1. Lowercase Conversion:

  Task: Convert all the text entries in medical_texts to lowercase.
  Objective: Standardize the text to eliminate case sensitivity issues in subsequent analyses.

2.   Remove all stopwords from the texts using a comprehensive medical stopword list (students can be directed to use a custom list or a library such as NLTK for general English stopwords).
Objective: Eliminate common words that may not contribute useful information to the analysis.

3. Punctuation Removal:

  Task: Remove all punctuation from the texts in medical_texts.
  Objective: Simplify the text for easier tokenization and analysis.
  Regular Expression Filtering:

4. Use regular expression to   the dataset to include only texts containing any of the following keywords: ['diabetes', 'cancer', 'hypertension'].
Objective: Focus the dataset on texts related to specific medical conditions for targeted analysis.

4. Lemmatization:
Task: Apply lemmatization to the texts to reduce words to their base or dictionary form.
Objective: Normalize word forms to ensure that variations of a word are processed as a single item.
Stopword Removal:


5. Bonus - Comprehensive Preprocessing Function:

  Create a function you can call it  clean_medical_text(text) that incorporates all the preprocessing steps: normalization, punctuation removal, keyword filtering, lemmatization, and stopword removal.
  Objective: Produce a clean output from any given medical text, demonstrating how to streamline these preprocessing steps into a single, reusable function.
## Instructions:
Implement each task in Python using libraries such as NLTK for NLP-related tasks and re for regular expressions.
Provide detailed explanations for your choices in preprocessing techniques and discuss their impact on the dataset.
Include comments in your code to explain the purpose and function of each code block.

## Submission:
  Submit a well-documented Jupyter Notebook containing all code and comment in google colab.
  Ensure your final function is tested with examples from medical_texts to demonstrate its effectiveness.

NLP - Data Preprocessing

In [None]:
medical_texts = [
    "Diabetes mellitus (DM), commonly known as diabetes, is a group of metabolic disorders characterized by a high blood sugar level over a prolonged period of time.",
    "Symptoms of high blood sugar include frequent urination, increased thirst, and increased hunger.",
    "Cancer is a group of diseases involving abnormal cell growth with the potential to invade or spread to other parts of the body.",
    "These contrast with benign tumors, which do not spread. Treatment options may include surgery, radiation therapy, chemotherapy, or palliation.",
    "Hypertension, also known as high blood pressure (HBP), is a long-term medical condition in which the blood pressure in the arteries is persistently elevated."
]

1. Standardizing: the text to eliminate case sensitivity issues -  Converting all the text entries in medical_texts to lowercase

In [None]:
!pip install spicy



In [None]:
revised_medical_texts = [x.lower() for x in medical_texts]
revised_medical_texts

['diabetes mellitus (dm), commonly known as diabetes, is a group of metabolic disorders characterized by a high blood sugar level over a prolonged period of time.',
 'symptoms of high blood sugar include frequent urination, increased thirst, and increased hunger.',
 'cancer is a group of diseases involving abnormal cell growth with the potential to invade or spread to other parts of the body.',
 'these contrast with benign tumors, which do not spread. treatment options may include surgery, radiation therapy, chemotherapy, or palliation.',
 'hypertension, also known as high blood pressure (hbp), is a long-term medical condition in which the blood pressure in the arteries is persistently elevated.']
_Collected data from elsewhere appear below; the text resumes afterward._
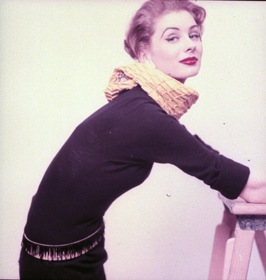 The fifties ushered in more than a sinuous sweater line and the reign of the fit-and-flare silhouette (first introduced by Christian Dior’s New Look in 1947). It also established an idealized, formal ideal of womanhood that demanded arched-brow perfection and a perfectly drawn lip, seen here on the original supermodel, Suzy Parker.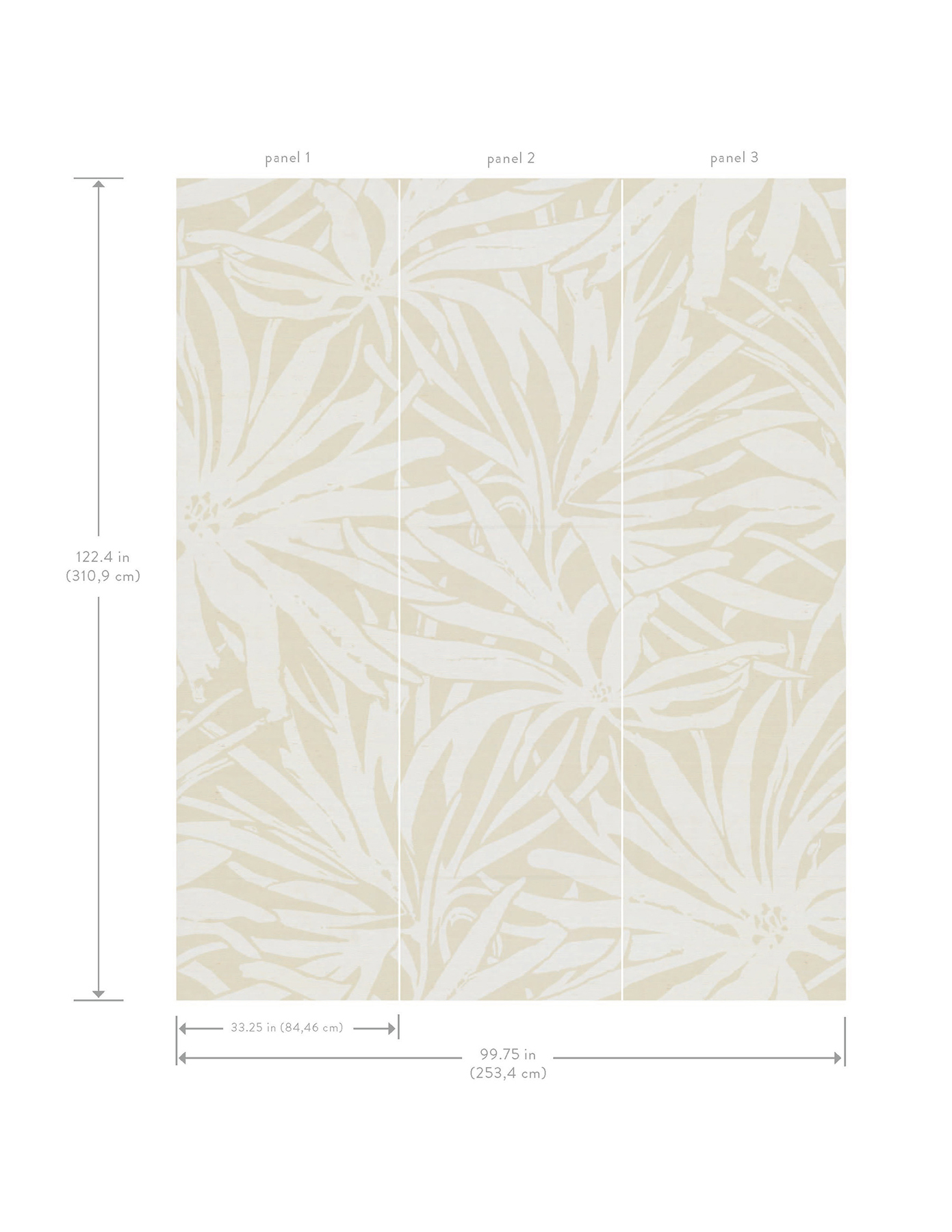 An inviting tangle of floral silhouettes offers simple sophistication in Floral Canopy Mural. Seen here in white against warm beige. This Floral Canopy Mural Mural measures 8-ft 4-in wide by 10-ft 2.4-in tall when assembled. The song of the forest echoes within the rich, earthen textures and greenery of this nature-inspired collection.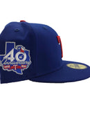Custom new era fitted. 100% wool. all Royal cap. front logo in red. 40th anniversary side patch. gray under visor.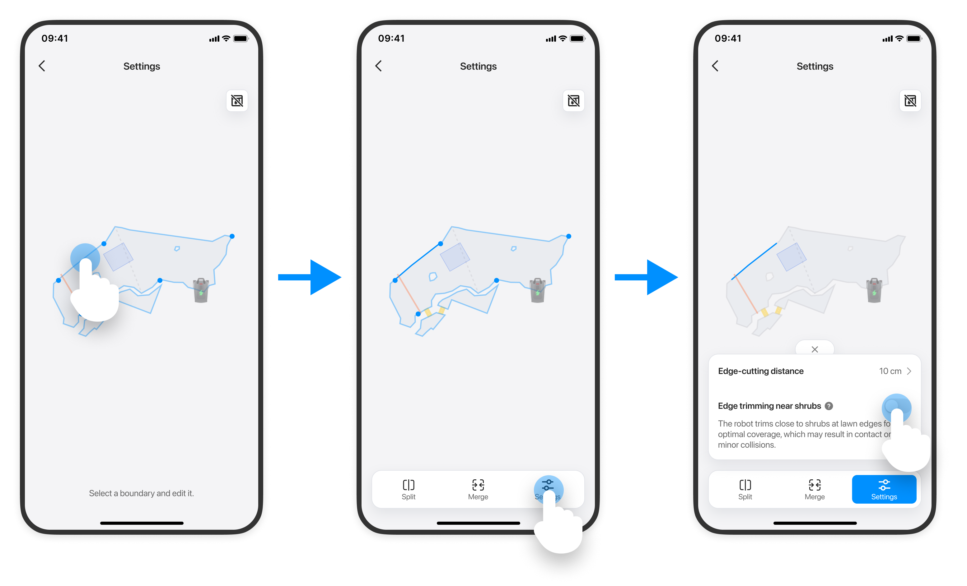 Možnost rozdělit hranici trávníku na více částí a nastavit je individuálně.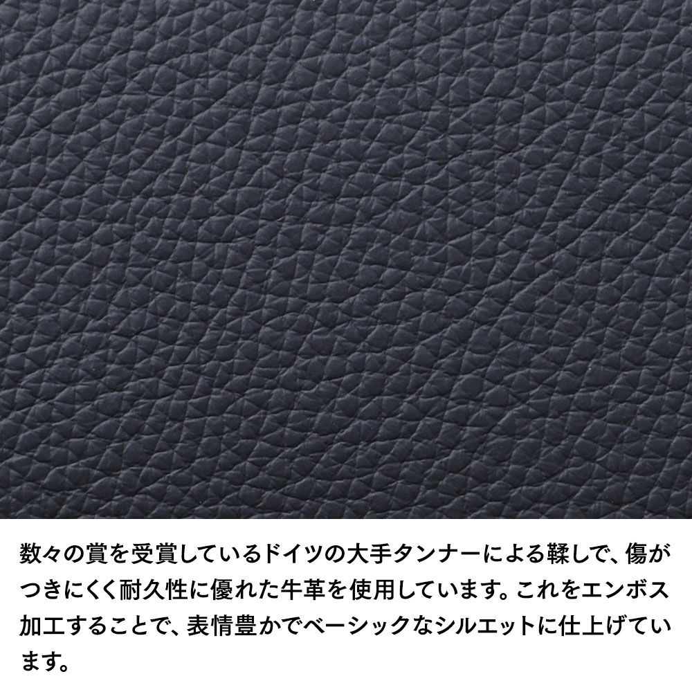 素材は、傷がつきにくく耐久性に優れたドイツ製の牛革です。カーシートや家具などにも使用される、とても丈夫な仕上げのレザーを採用しています。これをエンボス加工することで、表情豊かでベーシックなシルエットに仕上げています。
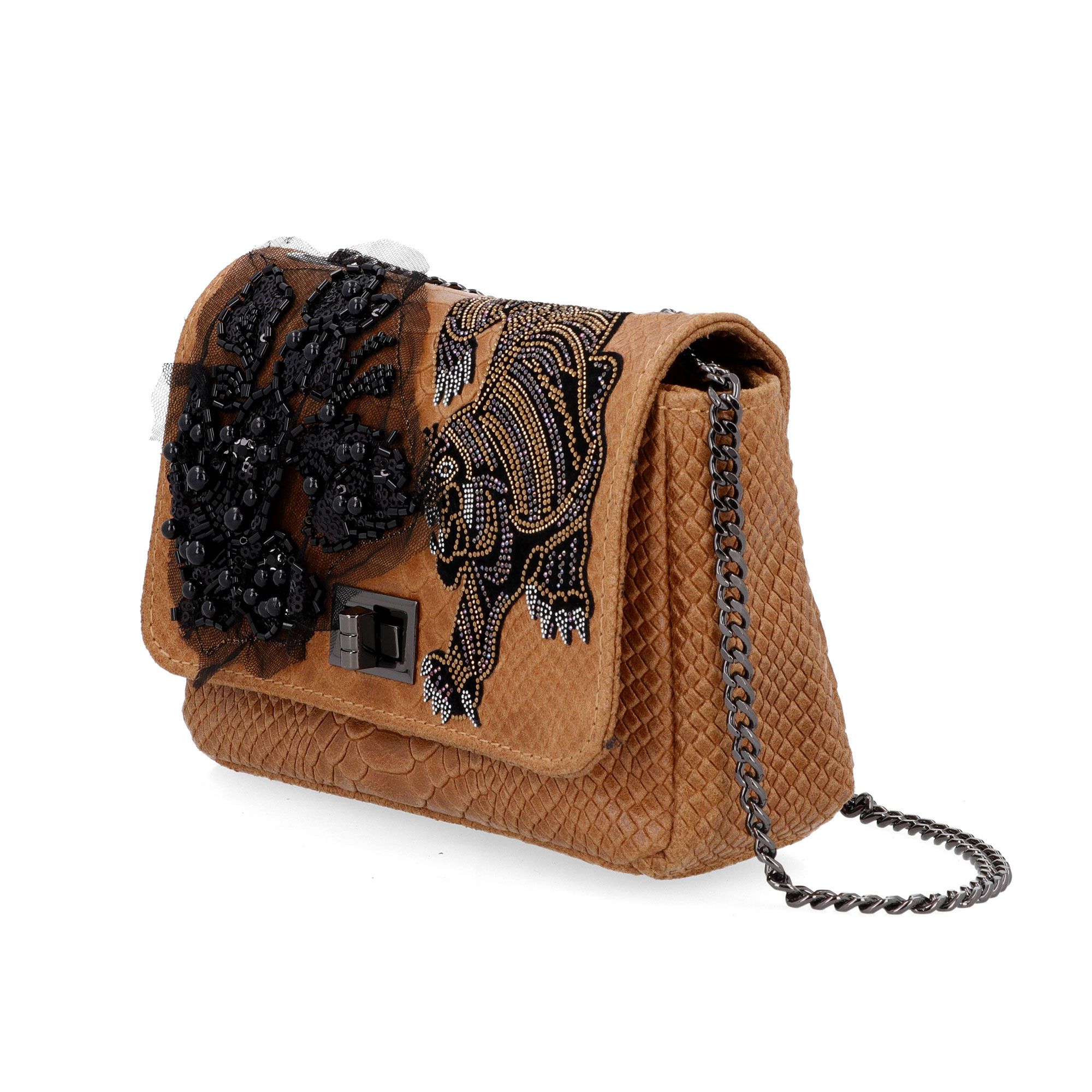 Una borsa che unisce personalità e dettagli preziosi, perfetta per dare carattere ai tuoi look serali e alle occasioni speciali. Il mix di applicazioni la rende unica e inconfondibile.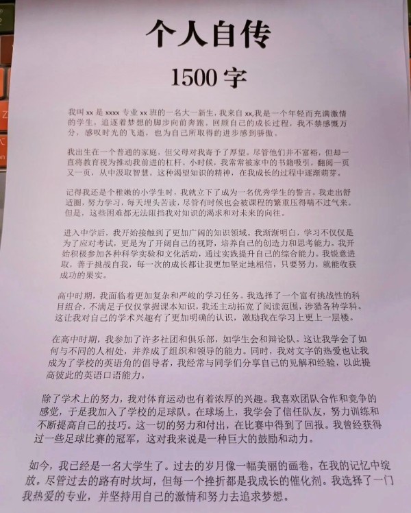 大家好,我是xx,一名充满激情的大学生。今天,我想和大家分享我的个人自传,回顾我如何从稚嫩走向成熟。

2. Removing stopwords from the texts using a comprehensive medical stopword list - Eliminating non-useful common words in the Analysis.

In [None]:
import nltk                                     # importing nltk toolkit
from nltk.corpus import stopwords               # importing stopword module from nltk
nltk.download('stopwords')                      # downloading stopword dataset to llocal nltk installation
english_stopwords = set(stopwords.words('english'))  # Getting list of English stopwords

# Add domain-specific stopwords
medical_stopwords = english_stopwords.union({
    "patient", "doctor", "mg", "ml", "tablet", "symptom",
    "treatment", "disease", "prescription", "daily", "diagnosed"
    "dose", "day", "result", "study"
})


print ("Comprehensive Medical Stopwords:", medical_stopwords)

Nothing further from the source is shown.